Snaps
29 January 2021

Hungarian labour market remains resilient

Defying all expectations in a pandemic, the unemployment rate in Hungary remains stable while wage growth remains elevated despite the second wave

290118-image-Hungary-parliament.jpg
Source: Shutterstock

According to the latest data, the official Hungarian unemployment rate in December came in at 4.3% in the 15 -64 age group. This is only 0.2 percentage point higher than the previous figure.

The number of employed remained more or less stable compared to the previous three-month average, while both unemployment and participation in labour market decreased. This type of move is in contrast with what we saw during the first wave of the pandemic.

It seems that during the second wave, people who became inactive by methodology have been able to find jobs.

Labour market trends (%)

 - Source: HCSO, ING
Source: HCSO, ING

Wages also surprised on the upside. Both gross and net wages rose by 8.6% year-on-year in November 2020, showing stability in the past three months.

The most surprising part is that despite the crisis, there has been a significant increase in one-off premiums and bonuses. But even wages without these one-offs, have also increased by 8.7% YoY in November.

Taking into consideration, that wage growth decelerated by 0.5ppt to 8.9% in the business sector, our best guess is that one-off bonuses were rather stronger in the public sector.
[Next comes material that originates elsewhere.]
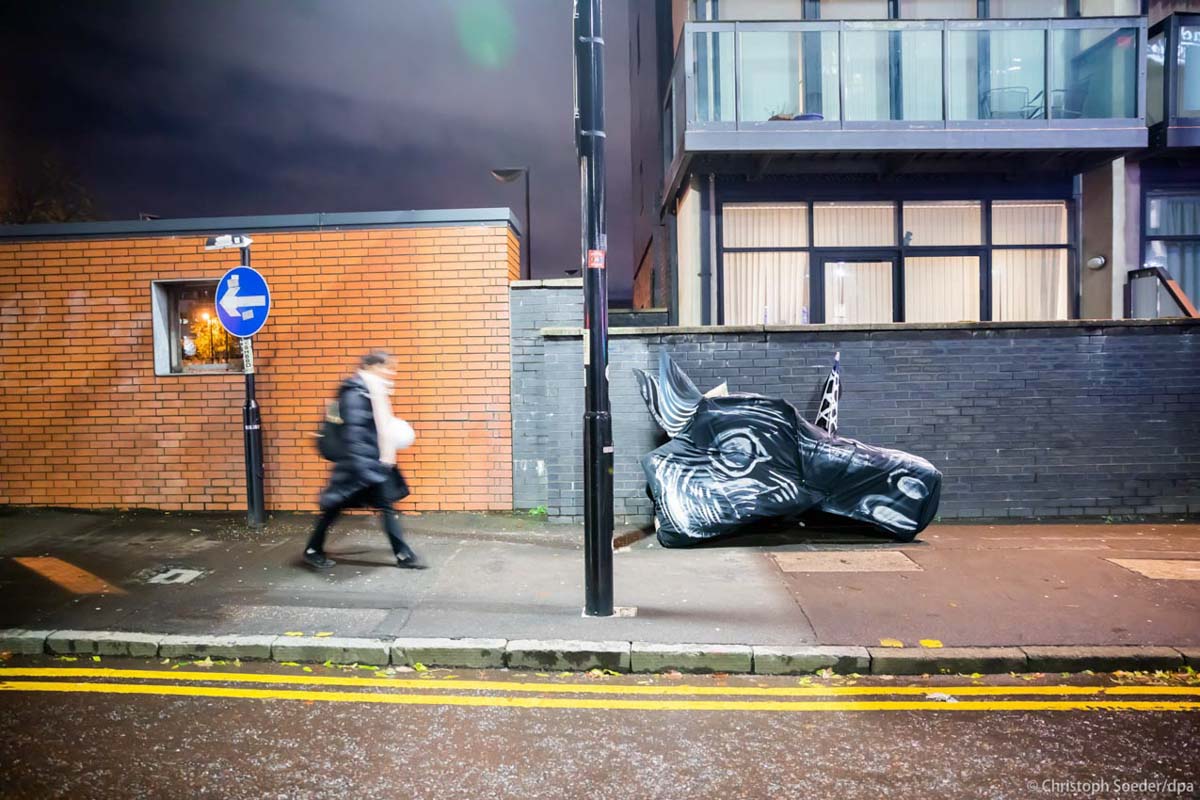 «Carbon Unicorn» (Symbol for a climate protection pretense) outside the COP26 U.N. Climate Summit in Glasgow venue

This idea is supported by the fact, that wage growth in the public sector accelerated in November, reaching an 8.1% YoY pace - the highest since July 2020. Moreover, the non-profit sector also showed a strong increase in salaries.

Wage dynamics (3-month moving average, % YoY)

 - Source: HCSO, ING
Source: HCSO, ING

For now, the Hungarian labour market looks much more resilient during the second wave than we initially thought. Given the latest upside 4Q GDP growth surprises in other European countries, who knows Hungary might surprise us too.

When it comes to 2021, improving employment might help the economic recovery, but the slowing wage growth will dampen this effect. Minimum wages will increase by 4% from February, which suggests that the average increase in salaries should be around that rate. Although this might seem pretty good, this is only half the growth we have seen in the past three years.